Putin with his mother, Maria Ivanovna, in July 1958 (Wikipedia)

Once upon a time there was a boy named Vova and a boy named Gena. They played together in the sandpit. When they grew older, they stopped playing. They were still neighburs, but they did not like each other anymore. Vova wrote a letter in his teenage years asking to join the KGB. Gena discovered the Beatles. Vova became a KGB agent. Gena became a hippie. But this was a long time ago. Vova is now the president of his country. Gena lives as an invalid in the countryside. They have not seen each other for many years. Yet now they have more in common again: they are both Russian nationalists and they both dislike the West.

This is not some abstract, modern fairy tale, but historical reality. Volodimir – Vova -  Putin grew up in an ordinary communal apartment in Leningrad, as did hundreds of thousands of others in the postwar Soviet Union. Like a normal child he played with other children in the courtyard that bordered his house. Among his friends were two brothers who would become influential movers and shapers of Leningrad’s underground world of so-called Beatlomany, rock music lovers and hippies: Gena and his brother Volodia. The house on Baskovy Alley, in which both Putin and the brothers resided, soon became famous among the hipsters of the town, who came to exchange Beatles records, talk music and discuss the better world they sensed behind these new and exciting songs they discovered. Gena and Volodia broadcast their Beatles songs through an open window onto the street. They observed people who passed by. If pedestrians gave a smile to the window, it meant they were ‘svoi’ - ‘one of them’.

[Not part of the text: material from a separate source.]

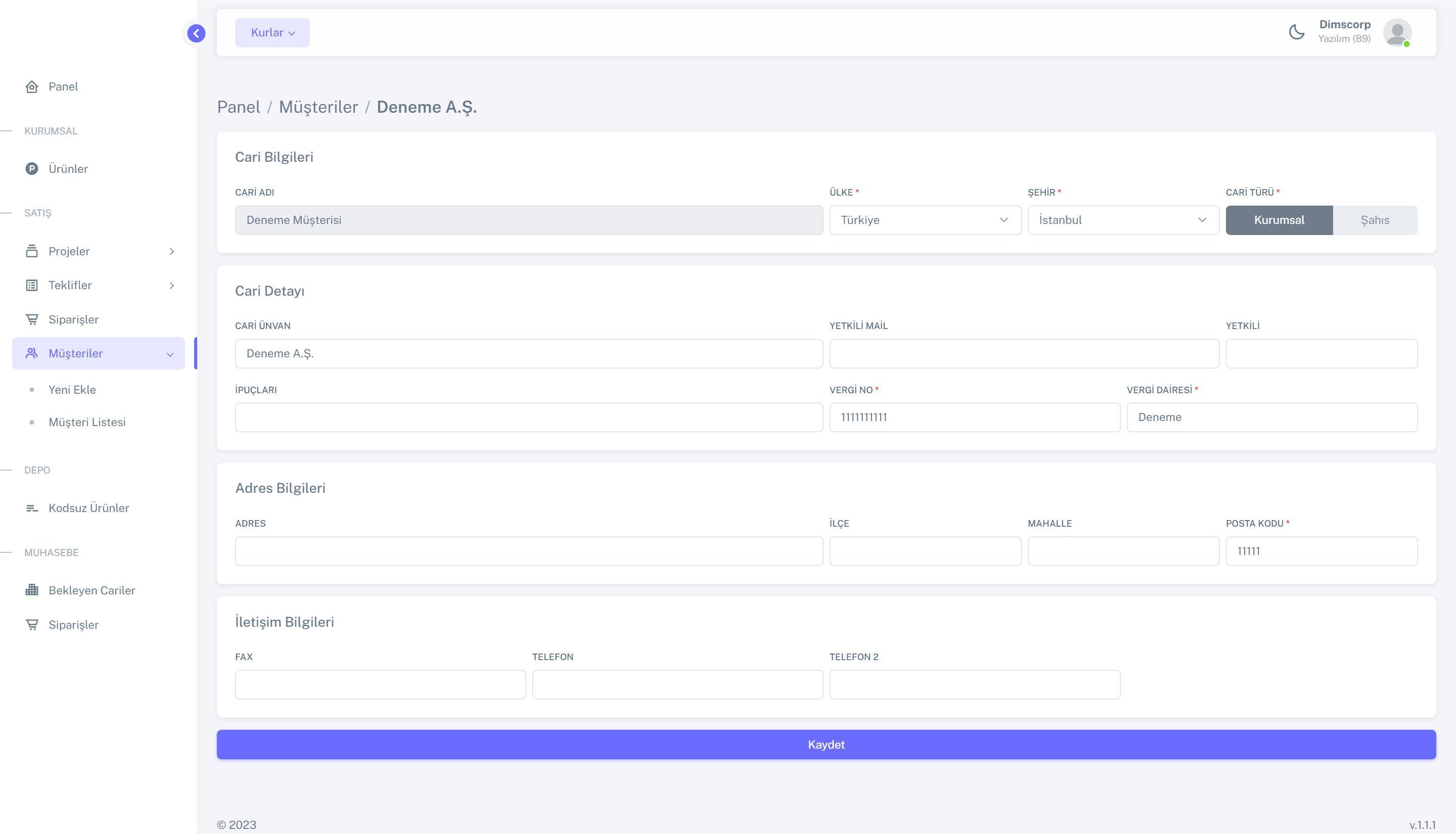 Proje ve teklif modülünde oluşturduğunuz müşterileri; listeleyebilir, düzenleyebilir ve pasif duruma geçirebilirsiniz.
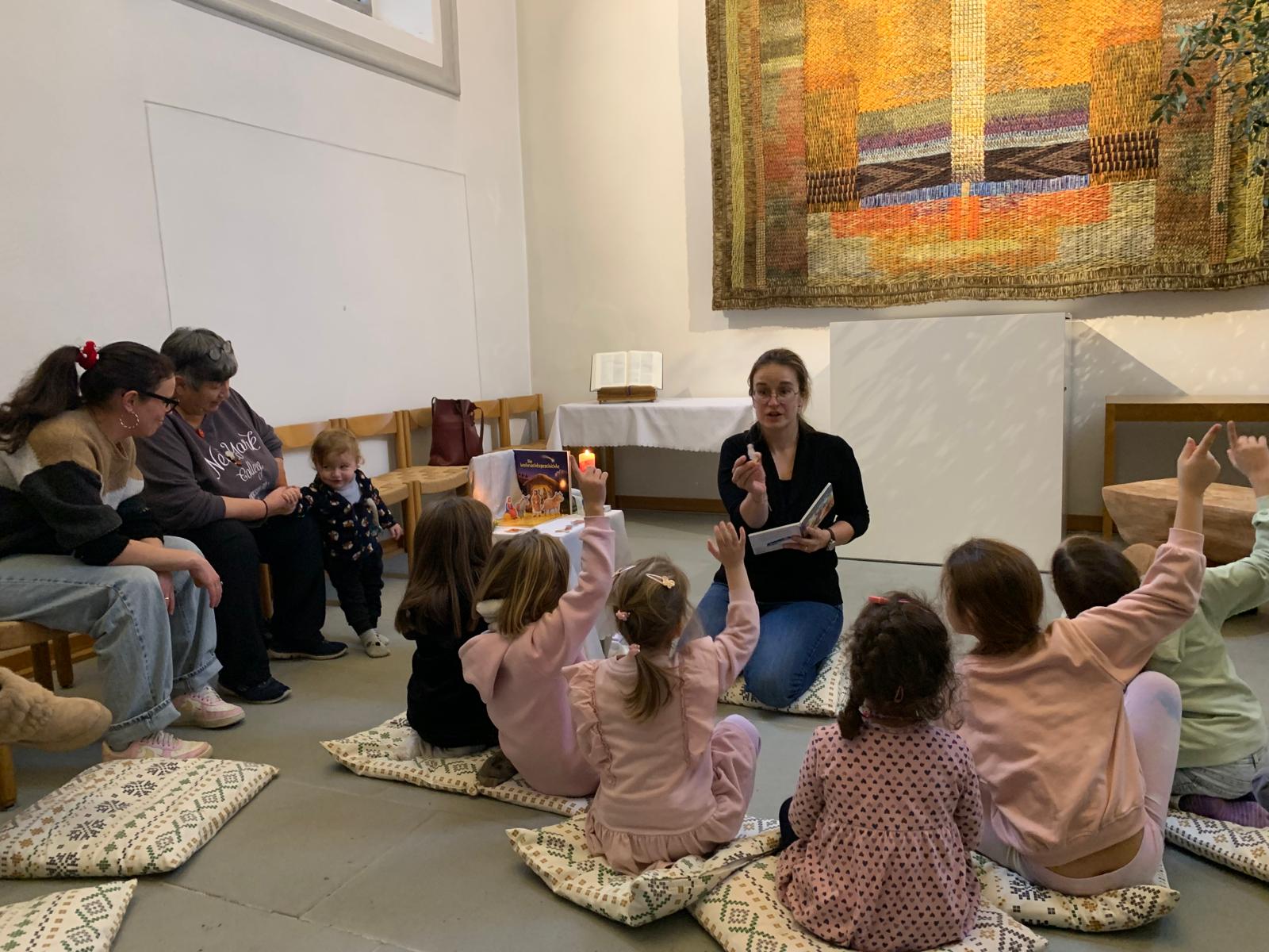 Die Feiern mit den Kleinkinder (bis und mit Kindergarten) sind lebendig, kindgerecht und sinnstiftend. Wir schaffen einen geschützten Raum, in dem Kinder Kirche positiv erleben. Im Zentrum stehen Bilderbücher, Werte wie Vertrauen, Gemeinschaft und Dankbarkeit sowie das gemeinsame Erleben von Glauben.

Vova Putin was definitely not one of them. He was no hipster. Despite a love for the Beatles, which he confided to Paul McCartney many years later, he chose the other side. He did not smile at young Soviet citizens who adopted Western fashion, loved Western music and yearned for the supposed freedom of the West. Instead, Vova Putin devoted his first career to keeping all of the above out of the Soviet Union. In the late 1980s, Putin’s side seemed to have lost. Putin had to vacate his workplace at Dresden’s KGB headquarters when a mob stormed the building. Gena saw Western rock arrive at Red Square and Russian rock go to America.

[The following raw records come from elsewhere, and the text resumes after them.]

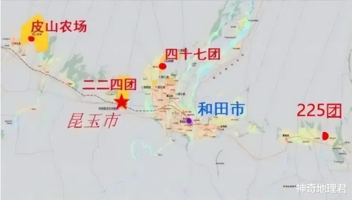 昆玉不是传统城市,而是新疆生产建设兵团第十四师打造的 “师市合一” 城市,是全国第九座兵团城市。它的 “碎片化” 版图,全是老一辈兵团人的坚守换来的:当年老兵们响应号召,在昆仑山北麓、塔克拉玛干沙漠南缘的荒野上,分散在不同区域屯垦戍边,建起一个个农牧团场。皮山农场、47 团、一牧场、224 团、225 团这些星星点点的据点,后来就组成了昆玉市的核心版图。
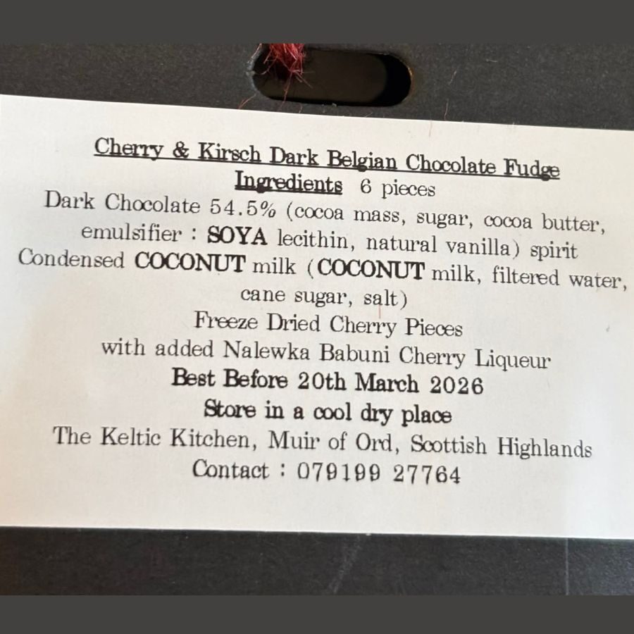 Ingredients : Dark Chocolate 54.5% (cocoa mass, sugar, cocoa butter, emulsifier: SOYA lecithin, natural vanilla), condensed COCONUT milk (COCONUT cream, filtered water, cane sugar, salt), spirit, freeze dried cherry pieces with added Nalewka Babuni cherry liqueur.
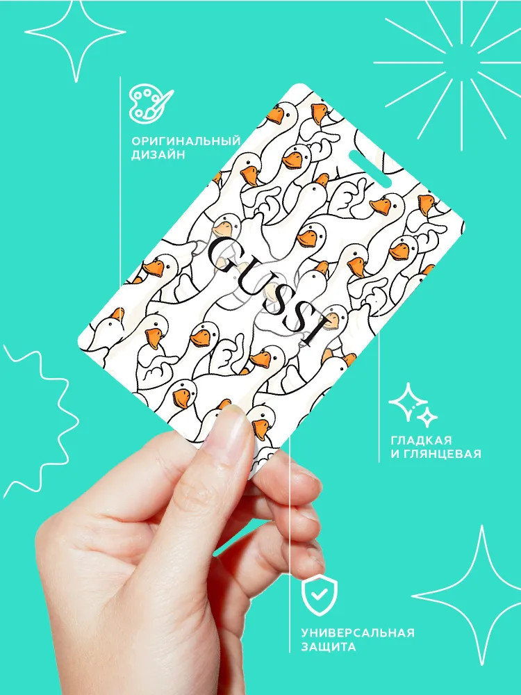 Серия: Гусь-обнимусь Оригинальный чехол для карт, в который можно поместить пропуск, бэйдж, проездной или электронный ключ. Выполнен из ПВХ, оснащён прозрачным окном. Чехол легко поместится в кармане одежды. Кроме того, к чехлу можно прикрепить ретрактор для ношения на поясе. Разнообразные принты чехлов дарят широту выбора для самовыражения. |
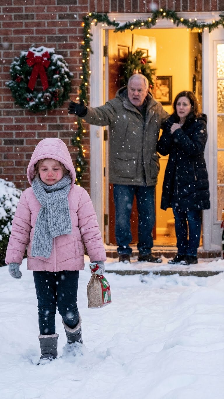 Leo sprong uit de auto en gooide zijn eigen dikke wollen jas over haar heen. Hij tilde haar kleine, rillende lichaam op en droeg haar naar binnen, de warmte van de auto in.

But this does not explain everything, if it explains anything. Two very different lives came out of one courtyard. Both were, in their own way, extreme. While few people chose the difficult life of a committed hippie in the repressive surroundings of the Soviet Union, few people also believed enough in the Soviet system in the 1970s to want a career in the KGB. Yet if one wants to understand why Vova and Gena ended up with similar views, and why these views resonate so much with the Russian people at the moment, one has to consider that, while they chose extremes, they both were socialized and traumatized in the same setting by the same forces.

The current rift between Russia and the West is not a conflict in which one side is guilty of aggression and the other is a victim. It is not about whose newspapers write the truth and whose politicians are more hypocritical. It is not even really a rift about the question of Crimean nationhood, Ukrainian government or NATO enlargement. Rather, the current conflict is a culmination of historical processes that shaped Russian attitudes towards the West. When Angela Merkel spoke of Putin’s ‘other world’, she hit the nail firmly on its head. It is not, as many in the American media have reported, that Putin is crazy (which is a crass mistranslation of the German original), but that Putin and a great many Russian people live in a universe shaped by forces and experiences that are completely outside the realm of Western imagination and understanding.  At the same time, this universe has acted as a very effective barrier to Russian understanding of the West.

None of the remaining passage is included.